In a study in which 15 patients with advanced chemotherapy-resistant colorectal cancer were given curcumin extract in capsular form daily for up to 4 months, the intake of 440 mg/day of turmeric capsule for 29 days resulted in a reduction of lymphocytic glutathione S-transferase (GST) activity by 59%. However, the same effect was not observed at higher doses and it was emphasized that 2.2 g/day of turmeric (containing 180 mg of curcumin), which is thought to be safe, may be given to the patients, but larger clinical studies should be performed 75). In another study conducted by Sharma et al. 76), 15 patients with advanced chemotherapy-resistant colorectal cancer were given 0.45 to 3.6 g of curcumin per day for up to 4 months and it was found that 3.6 g of curcumin significantly reduced inducible Prostaglandin E2 (PGE2) production by 62% and 57%, respectively in the blood samples on the 1stand 29thdays. In the study of Garcea et al. 77), curcumin capsules were given to individuals with colorectal cancer for 7 days (3.6 g/day, 1.8 g/day or 0.45 g/day) and the levels of M(1)G, which are adenomatous burden indicators, were found two and a half times higher in the malign tissue than the normal tissue. Curcumin sulfate and curcumin glucuronide were detected in the tissue of these patients. The result of the study showed that the daily dose of 3.6 g curcumin reduced M(1)G levels in malignant colorectal tissues but did not affect the cyclooxygenase-2 (COX-2) enzyme levels. Studies show evidence of effect of curcumin on colorectal cancer, however, more clinical studies are needed for clearer results on this subject.

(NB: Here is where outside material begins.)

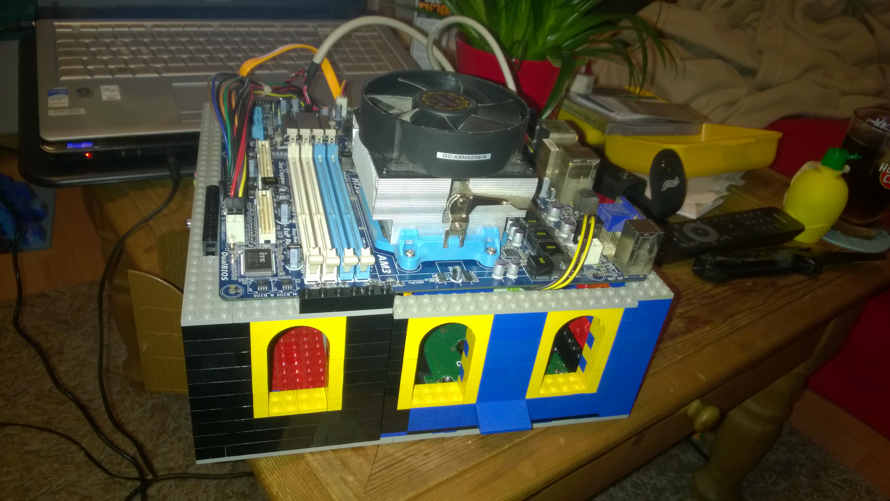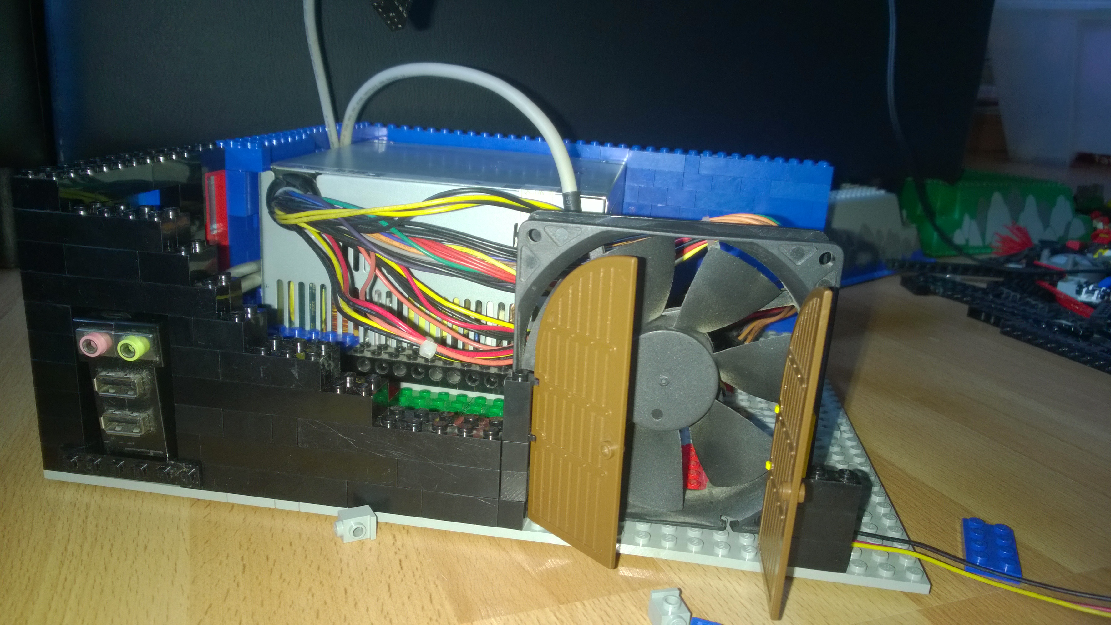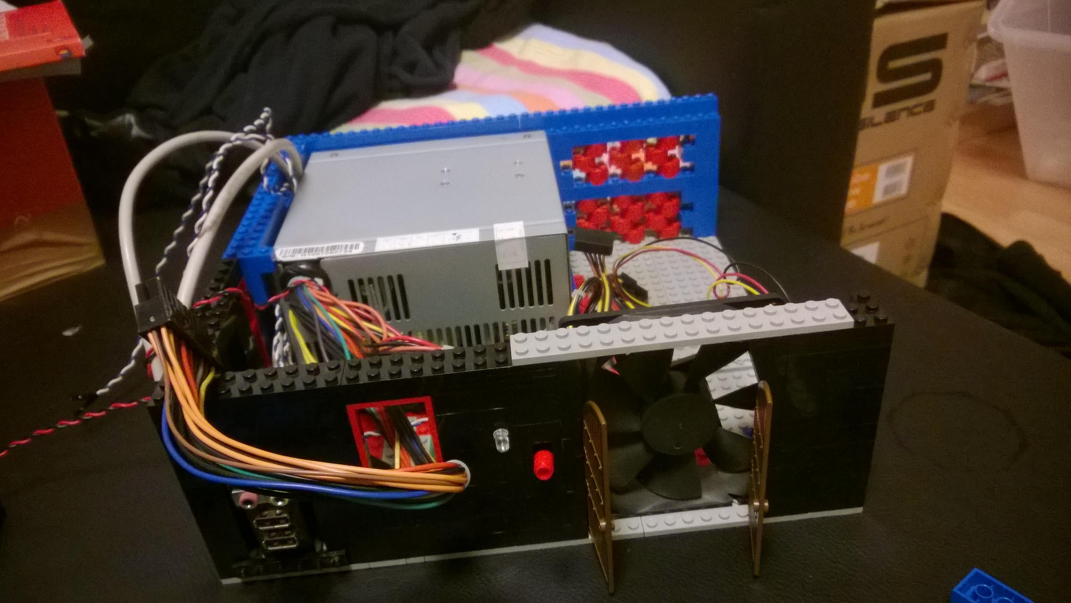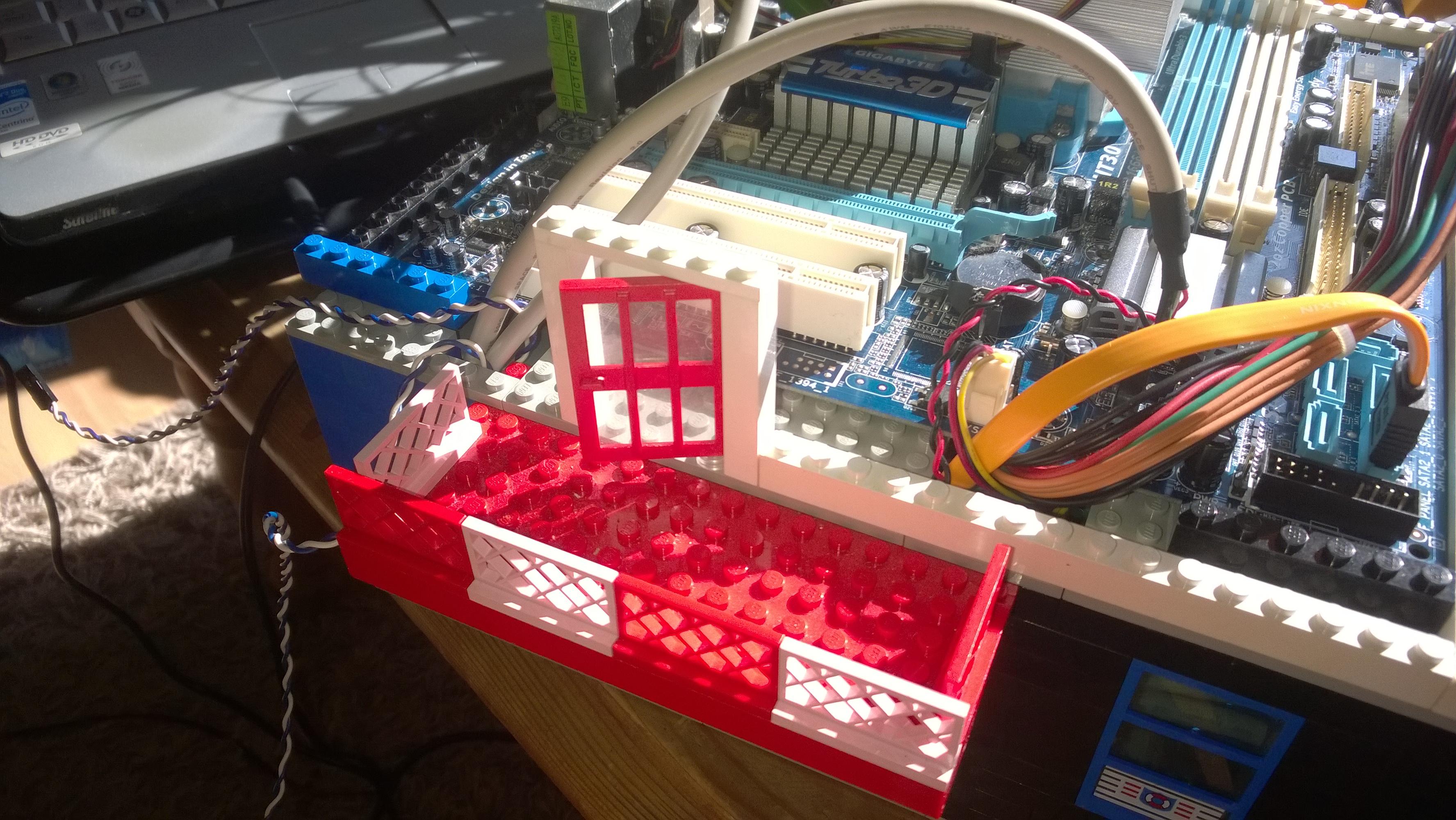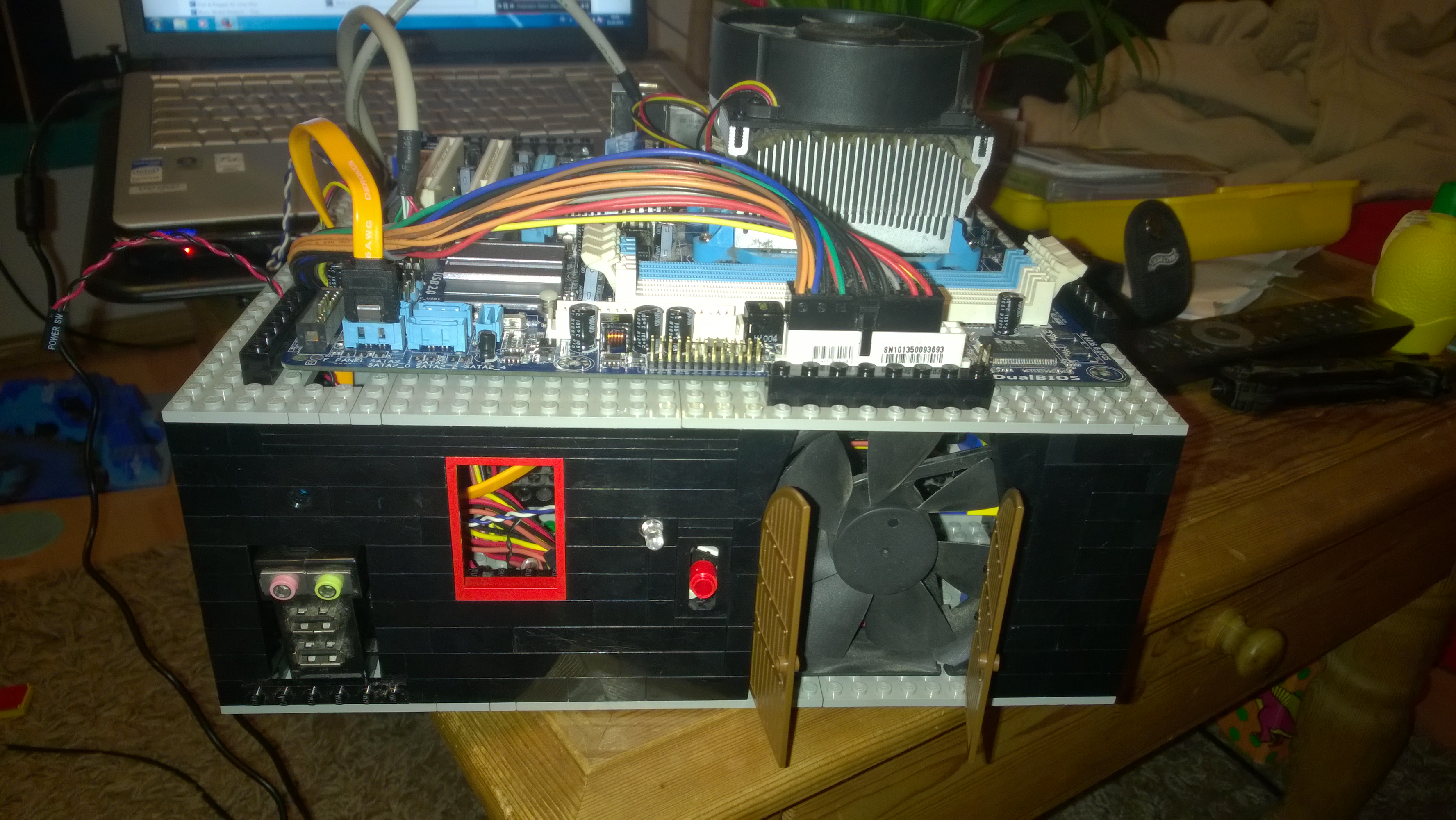 Nun war es Zeit für das Mainboard. Ein paar Kabel hier durch quetschen, eine kleine Säule dort zur Stabilität hinsetzen, ein Legostein hier weniger und schon passt alles.

More recently, the safety and efficacy of curcumin in familial adenomatous polyposis was evaluated in a double-blinded randomized trial by Cruz-Correa et al. 78). In this study, 44 patients with familial adenomatous polyposis with at least five intestinal adenomatous polyps who had not undergone colectomy were included in this trial and were randomly allocated to two groups receiving either pure curcumin (3 g per day orally) or placebo for 12 months. The main outcome measures were the number and size of lower gastrointestinal tract polyps, which were assessed every four months for one year. At the end of the study, no significant difference was found in the mean number or mean size of polyps between the curcumin group and the placebo group. The adverse effects were very few, and not significantly different from the placebo group. These results show the low efficacy but high safety of oral curcumin at the administered dose in patients with familial adenomatous polyposis 79).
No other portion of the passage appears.